# BITCOIN Crash



## Ripon (Dec 22, 2012)

The unbeatable Bitcoin Charts and Bitcoin Trading site - Bitcoin Charts Analysis (Home)

Reportedly a billion dollars lost. I havent used it, but I know my brother has. Hope he didn't get burned.


----------



## Inor (Mar 22, 2013)

Bitcoin is an extremely interesting concept. A good friend has been preaching them to me for about 4 months now. I LOVE the idea of a currency that is not controlled by a government or even a group of people, but rather is very predictable in its new issuance - something around a total 17 million by the time the algorithm completes its cycle in a couple years. I like the idea that it is completely untraceable. I do not like the idea that it is totally electronic, and therefore totally fiat and dependent on the grid to retain any value.

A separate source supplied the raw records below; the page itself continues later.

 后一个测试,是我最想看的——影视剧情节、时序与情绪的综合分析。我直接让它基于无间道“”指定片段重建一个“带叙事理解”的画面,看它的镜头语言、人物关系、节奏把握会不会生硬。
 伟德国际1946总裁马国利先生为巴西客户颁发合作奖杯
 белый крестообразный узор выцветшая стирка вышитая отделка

But the really interesting thing I find about Bitcoin is why people care about it in the first place. At its peak today, its total market cap was still only around $2 billion U.S. In concept it is really no different than the game tokens we buy for our kids and grandkids at the kiddy pizza parlor. So why is this even news?

I contend Bitcoin even matters because it is NOT the Dollar, Yen, or Euro. It is something new and, at least on its face, something completely "free market". I do not expect Bitcoin to survive long term. But I do expect that its recent attention will usher in something else that has a higher market cap, is uncontrollable by governments, and provides a means for the free-market to continue, even if it is an "underground" capacity.

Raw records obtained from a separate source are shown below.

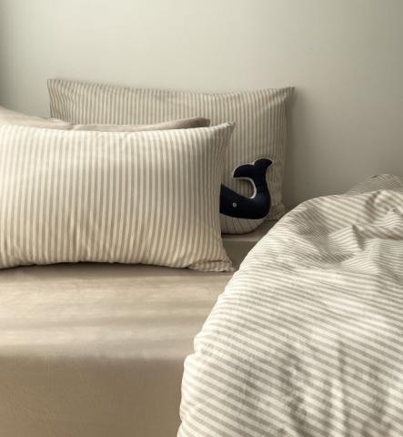 Pour la chambre de vos enfants, optez pour le style contemporain rayé avec 4 coloris doux et sobres , certifié GOTS en Percale de Coton bio pour une douceur ultime.
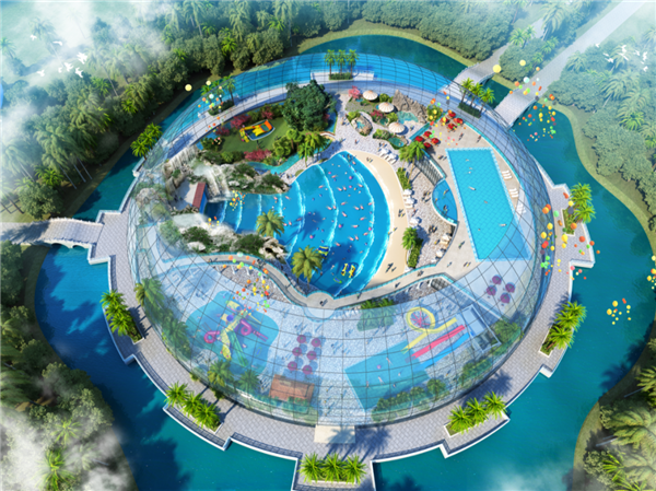 中国龙虾城热带雨林主题水上乐园项目建筑面积逾10000平方米,由直径100米的圆形钢构为主体,空高24米,绿化面积2000余平方米,全年保持22-26度恒温恒湿。由海浪池、漂流河、雪橇滑道、炮筒滑道、螺旋滑道、儿童水寨、迷你飞天梭、9D影院、VR体验馆、游泳池、世界名泉等11个板块组成,可同时容纳1500人戏水游乐。项目由江苏农康旅建设有限公司设计并承建,预计明年6月正式对外开放。
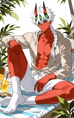 xiaozhitiao,dianmei,1boy,bangs ,socks,white socks,dianmei (artist:mazjojo:0.53),(artist:pigeon666:0.37),(artist:zawar379:0.57),(artist:remsrar:0.35),(artist:yoneyama mai:0.64),(yokoyari mengo:0.6),1boy,male focus,solo,medium - length wavy hair,hooded pajamas,hood down, a light - brown knitted scarf draped over his shoulders, his toned abs visible as he dozes off in a hammock on a wooden patio. The hammock is strung between two posts, and there's a small side table with a half - read book and a glass of lemonade. Potted ferns line the edges of the patio, and the afternoon sun casts a warm, yellow glow.,White bodysuit
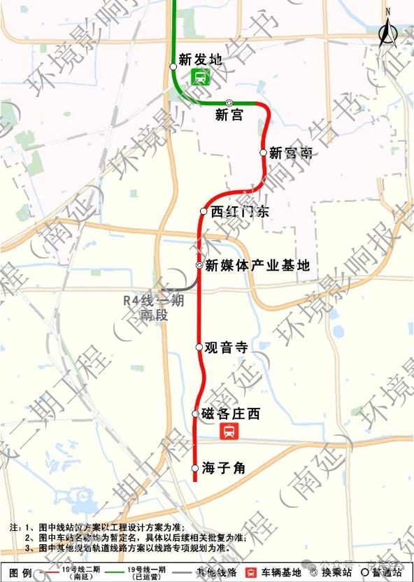 在北京轨道交通三期建设规划中,目前的19号线将分别向北、向南延伸。根据此前公示的一体化规划方案和环评报告,19号线二期南延是南起大兴区的海子角站,北至目前19号线一期的新宫站,全长约12.7公里,全部采用地下线。

Even with today's wipe-out, I am very thankful for Bitcoin (even though I would not touch it with a 10 foot pole as an investment or even a trading mechanism). I think this is one of the failures that will lead to the ultimate success of the free-market without government intervention.


----------



## Ripon (Dec 22, 2012)

I think when a billion dollars in wealth goes poof the media notices. I mean Madoff stole what $50 million?


----------



## paraquack (Mar 1, 2013)

Bernie was a little more ambitious than than. The original amount (with promised gains) was $65 billion, but the courts handling the dis-disillusionment said it was closer to $18 billion.


----------



## Ripon (Dec 22, 2012)

Ok I thought he was a million dollar thief not a billion dollar thief. Glad I don't let other people invest my money either way.



paraquack said:


> Bernie was a little more ambitious than than. The original amount (with promised gains) was $65 billion, but the courts handling the dis-disillusionment said it was closer to $18 billion.


----------